Sunday, July 3, 2016

Sufficient vs efficient

On pages 285 and 286 of the textbook by Florenz D. Regalado  Remedial Law Compendium, Vol. II, Eleventh Edition we find this passage:

Something seems to be not quite right with the underlined words (underlining mine). Since this is about the Ombudsman a  check with the Ombudsman Act may pinpoint what seems to be the problem.

Section 15(1) of the Act (RA 6770) says:
(1) Investigate and prosecute on its own or on complaint by any person, any act or omission of any public officer or employee, office or agency, when such act or omission appears to be illegal, unjust, improper or inefficient. It has primary jurisdiction over cases cognizable by the Sandiganbayan and, in the exercise of his primary jurisdiction, it may take over, at any stage, from any investigatory agency of Government, the investigation of such cases; 
Instead of efficient, Regalado uses sufficient. To retrace the trail of the "offending" word we need to refer to the decision quoted by Regalado.

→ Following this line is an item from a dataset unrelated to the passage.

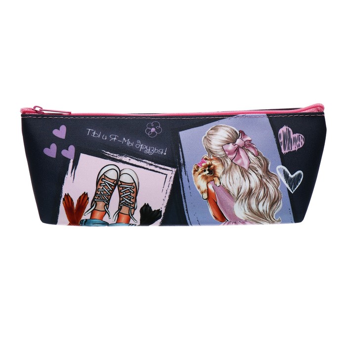 Пенал мягкий, 1 отделение, 80 х 190(225) х 40 мм, объёмный, ПМО 32-20 "Девочка с собачкой"

It turned out that in quoting Santiago vs. Vasquez Regalado was quoting himself. Here's the particular sentence from Santiago which he penned:
The Ombudsman may himself dismiss the complaint in the first instance if in his judgment the acts or omissions complained of are not illegal, unjust, improper or sufficient. 
Regalado did use the word sufficient in his decision. But note that in the textbook he used are sufficient.  Without the are the meaning of the phrase will be confusing.

As used in the decision, the phrase "not illegal, unjust, improper or sufficient" would be equivalent to "legal, just, proper or insufficient." It appears that Regalado corrected himself in his textbook by inserting the are.

Just the same, I think Regalado misequated "efficient" with "sufficient."